Best regards, Alexander


RE: Force inner join to shuffle the smallest table

Posted by "Ulanov, Alexander" <al...@hp.com>.
The problem is that it shuffles the wrong table which even compressed won’t fit to my disk.

Actually, I found the source of the problem, although I could not reproduce it with synthetic data (but remains true for my original data: big table 2B rows, small 500K):

When I do join on two fields like this “select big.f1, big.f2 from small inner join big on big.s=small.s and big.d=small.d” then the query planner does ShuffledHashJoin with the bigger table and the query fails due to Shuffle write of the whole big table (out of space):
== Physical Plan ==
Project [bedId#28,sensorId#30L,time#31,label#32,fft#34]
ShuffledHashJoin [time#38,bedId#35], [time#31,bedId#28], BuildLeft
  Exchange (HashPartitioning [time#38,bedId#35], 2000), []
    PhysicalRDD [bedId#35,time#38], MapPartitionsRDD[75] at explain at <console>:25
  Exchange (HashPartitioning [time#31,bedId#28], 2000), []
   PhysicalRDD [bedId#28,sensorId#30L,fft#34,label#32,time#31], MapPartitionsRDD[77] at explain at <console>:25

When I do join on one field like this “select big.f1, big.f2 from small inner join big on big.s=small.s” then the query planner does BroadcastHashJoin which writes just what’s needed and therefore executes without problems:

== Physical Plan ==
Project [bedId#28,sensorId#30L,time#31,label#32,fft#34]
BroadcastHashJoin [time#38], [time#31], BuildLeft
  Limit 498340
   PhysicalRDD [time#38], MapPartitionsRDD[66] at explain at <console>:25
  PhysicalRDD [bedId#28,sensorId#30L,fft#34,label#32,time#31], MapPartitionsRDD[68] at explain at <console>:25

Could Spark SQL developers suggest why it happens?

Best regards, Alexander


From: Stephen Carman [mailto:scarman@coldlight.com]
Sent: Wednesday, June 24, 2015 12:33 PM
To: Ulanov, Alexander
Cc: CC GP; dev@spark.apache.org
Subject: Re: Force inner join to shuffle the smallest table

Have you tried shuffle compression?

spark.shuffle.compress (true|false)

if you have a filesystem capable also I’ve noticed file consolidation helps disk usage a bit.

spark.shuffle.consolidateFiles (true|false)

Steve

On Jun 24, 2015, at 3:27 PM, Ulanov, Alexander <al...@hp.com>> wrote:

It also fails, as I mentioned in the original question.

From: CC GP [mailto:chandrika.gopalakrishna@gmail.com]
Sent: Wednesday, June 24, 2015 12:08 PM
To: Ulanov, Alexander
Cc: dev@spark.apache.org<ma...@spark.apache.org>
Subject: Re: Force inner join to shuffle the smallest table

Try below and see if it makes a difference:

val result = sqlContext.sql(“select big.f1, big.f2 from small inner join big on big.s=small.s and big.d=small.d”)

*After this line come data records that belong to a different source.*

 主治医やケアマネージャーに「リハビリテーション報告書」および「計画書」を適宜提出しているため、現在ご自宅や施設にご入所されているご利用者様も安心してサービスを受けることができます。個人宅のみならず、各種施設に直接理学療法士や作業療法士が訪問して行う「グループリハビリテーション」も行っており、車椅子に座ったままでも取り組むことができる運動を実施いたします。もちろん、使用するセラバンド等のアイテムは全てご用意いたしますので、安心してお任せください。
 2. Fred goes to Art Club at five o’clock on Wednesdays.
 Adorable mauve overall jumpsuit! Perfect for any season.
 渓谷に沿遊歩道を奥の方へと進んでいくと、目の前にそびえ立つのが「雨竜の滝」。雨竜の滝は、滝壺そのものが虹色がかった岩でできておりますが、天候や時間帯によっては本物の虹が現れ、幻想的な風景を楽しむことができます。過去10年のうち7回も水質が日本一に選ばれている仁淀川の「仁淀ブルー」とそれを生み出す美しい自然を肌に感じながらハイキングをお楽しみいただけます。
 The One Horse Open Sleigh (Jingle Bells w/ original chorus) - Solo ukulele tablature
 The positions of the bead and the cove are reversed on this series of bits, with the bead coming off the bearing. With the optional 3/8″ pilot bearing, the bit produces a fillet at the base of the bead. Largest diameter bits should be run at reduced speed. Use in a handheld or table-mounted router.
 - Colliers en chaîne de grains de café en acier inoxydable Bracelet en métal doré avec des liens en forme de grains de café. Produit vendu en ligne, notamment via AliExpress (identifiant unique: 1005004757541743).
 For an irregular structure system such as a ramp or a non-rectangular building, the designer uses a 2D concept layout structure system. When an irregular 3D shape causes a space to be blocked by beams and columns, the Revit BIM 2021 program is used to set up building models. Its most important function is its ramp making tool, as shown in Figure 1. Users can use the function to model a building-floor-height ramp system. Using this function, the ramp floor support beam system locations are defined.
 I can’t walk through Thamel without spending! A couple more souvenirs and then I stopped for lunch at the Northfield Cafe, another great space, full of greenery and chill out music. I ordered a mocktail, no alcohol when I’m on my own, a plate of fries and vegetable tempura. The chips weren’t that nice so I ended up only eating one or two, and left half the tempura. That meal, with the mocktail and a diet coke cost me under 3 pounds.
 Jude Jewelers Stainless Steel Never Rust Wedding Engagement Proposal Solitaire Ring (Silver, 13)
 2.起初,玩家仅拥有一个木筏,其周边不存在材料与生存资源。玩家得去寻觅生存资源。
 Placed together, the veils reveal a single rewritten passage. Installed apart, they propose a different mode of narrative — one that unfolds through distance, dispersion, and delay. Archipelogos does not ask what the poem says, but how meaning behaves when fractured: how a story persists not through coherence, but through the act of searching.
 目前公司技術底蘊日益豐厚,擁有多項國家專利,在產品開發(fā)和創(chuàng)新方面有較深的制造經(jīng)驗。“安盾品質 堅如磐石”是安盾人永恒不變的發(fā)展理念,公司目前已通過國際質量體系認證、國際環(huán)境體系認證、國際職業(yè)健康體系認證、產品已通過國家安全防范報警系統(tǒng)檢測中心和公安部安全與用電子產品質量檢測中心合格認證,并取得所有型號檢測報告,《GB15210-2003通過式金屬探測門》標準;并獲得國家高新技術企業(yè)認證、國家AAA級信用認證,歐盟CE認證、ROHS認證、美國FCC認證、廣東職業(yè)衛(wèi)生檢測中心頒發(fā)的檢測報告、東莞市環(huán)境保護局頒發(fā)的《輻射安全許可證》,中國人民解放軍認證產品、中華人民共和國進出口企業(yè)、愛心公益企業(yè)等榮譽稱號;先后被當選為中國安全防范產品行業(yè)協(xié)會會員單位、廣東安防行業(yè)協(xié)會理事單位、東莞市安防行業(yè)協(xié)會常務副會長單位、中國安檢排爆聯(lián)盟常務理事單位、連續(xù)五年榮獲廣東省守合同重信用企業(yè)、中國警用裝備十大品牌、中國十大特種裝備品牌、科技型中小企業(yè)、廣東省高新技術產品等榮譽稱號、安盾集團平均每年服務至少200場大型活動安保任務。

On Wed, Jun 24, 2015 at 11:35 AM, Ulanov, Alexander <al...@hp.com>> wrote:
Hi,

I try to inner join of two tables on two fields(string and double). One table is 2B rows, the second is 500K. They are stored in HDFS in Parquet. Spark v 1.4.
val big = sqlContext.paquetFile(“hdfs://big”)
data.registerTempTable(“big”)
val small = sqlContext.paquetFile(“hdfs://small”)
data.registerTempTable(“small”)
val result = sqlContext.sql(“select big.f1, big.f2 from big inner join small on big.s=small.s and big.d=small.d”)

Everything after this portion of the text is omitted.